Article

Ramalingam Discusses Osimertinib Efficacy and the Journey to Overcome Acquired Resistance

Author(s):

Suresh S. Ramalingam, MD, describes findings with osimertinib, and discusses the emerging body of data exploring primary and acquired resistance mechanisms to the third-generation agent.

Suresh S. Ramalingam, MD

The encouraging activity with osimertinib (Tagrisso) for patients with EGFR-mutant non—small cell lung cancer (NSCLC) continues to be highlighted in the form of prolonged progression-free survival (PFS); however, next steps are focusing on understanding the primary and acquired resistance mechanisms to the third-generation EGFR inhibitor.

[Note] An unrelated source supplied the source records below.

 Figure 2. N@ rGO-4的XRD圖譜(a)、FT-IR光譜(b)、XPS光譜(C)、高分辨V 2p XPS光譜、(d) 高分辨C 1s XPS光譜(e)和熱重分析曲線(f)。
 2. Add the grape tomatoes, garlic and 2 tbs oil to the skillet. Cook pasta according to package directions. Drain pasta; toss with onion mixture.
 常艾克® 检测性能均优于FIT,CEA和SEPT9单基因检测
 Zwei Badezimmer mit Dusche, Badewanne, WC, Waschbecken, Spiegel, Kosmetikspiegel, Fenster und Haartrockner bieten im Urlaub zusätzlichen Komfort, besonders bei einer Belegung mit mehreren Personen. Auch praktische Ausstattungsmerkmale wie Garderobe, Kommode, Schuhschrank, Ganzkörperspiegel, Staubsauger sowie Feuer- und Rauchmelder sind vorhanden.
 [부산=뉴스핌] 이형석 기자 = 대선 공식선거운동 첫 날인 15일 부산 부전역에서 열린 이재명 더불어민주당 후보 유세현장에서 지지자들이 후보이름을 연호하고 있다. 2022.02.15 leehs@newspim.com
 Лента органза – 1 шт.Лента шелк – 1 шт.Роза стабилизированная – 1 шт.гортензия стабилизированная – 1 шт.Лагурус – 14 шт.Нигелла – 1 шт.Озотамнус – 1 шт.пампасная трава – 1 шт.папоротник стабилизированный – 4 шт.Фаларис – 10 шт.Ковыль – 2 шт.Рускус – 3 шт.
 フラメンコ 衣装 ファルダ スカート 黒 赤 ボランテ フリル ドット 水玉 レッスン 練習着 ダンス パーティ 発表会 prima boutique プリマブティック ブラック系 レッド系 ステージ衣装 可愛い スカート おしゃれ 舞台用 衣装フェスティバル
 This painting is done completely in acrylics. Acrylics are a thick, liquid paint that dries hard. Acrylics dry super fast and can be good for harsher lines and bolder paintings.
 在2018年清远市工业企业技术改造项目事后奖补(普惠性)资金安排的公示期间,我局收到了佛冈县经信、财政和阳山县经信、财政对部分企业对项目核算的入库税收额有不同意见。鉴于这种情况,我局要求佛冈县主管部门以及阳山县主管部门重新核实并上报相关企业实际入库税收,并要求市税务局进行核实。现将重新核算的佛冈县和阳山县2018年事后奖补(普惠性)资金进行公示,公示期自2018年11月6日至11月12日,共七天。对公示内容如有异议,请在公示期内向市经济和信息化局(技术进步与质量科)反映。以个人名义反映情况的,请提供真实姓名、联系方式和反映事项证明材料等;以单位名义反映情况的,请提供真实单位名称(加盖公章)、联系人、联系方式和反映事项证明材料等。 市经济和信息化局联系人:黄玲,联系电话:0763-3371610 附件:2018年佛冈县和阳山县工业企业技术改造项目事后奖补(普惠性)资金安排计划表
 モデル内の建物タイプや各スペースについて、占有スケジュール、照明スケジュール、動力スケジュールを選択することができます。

Regarding its benefit, frontline osimertinib continued to show extended PFS in patients with advanced EGFR-mutant NSCLC, according to final efficacy and safety results from phase I expansion cohorts of the AURA trial that were presented at the 2019 European Lung Cancer Congress (ELCC).1

At a median follow-up of 19.1 months, the median PFS in patients who received the third-generation EGFR inhibitor at 80 mg was 22.1 months (95% CI, 12.3-30.2) and was 19.3 months (95% CI, 11.1-26.0) for those who received it at 160 mg, leading to an overall median PFS of 20.5 months (95% CI, 13.7-26.1).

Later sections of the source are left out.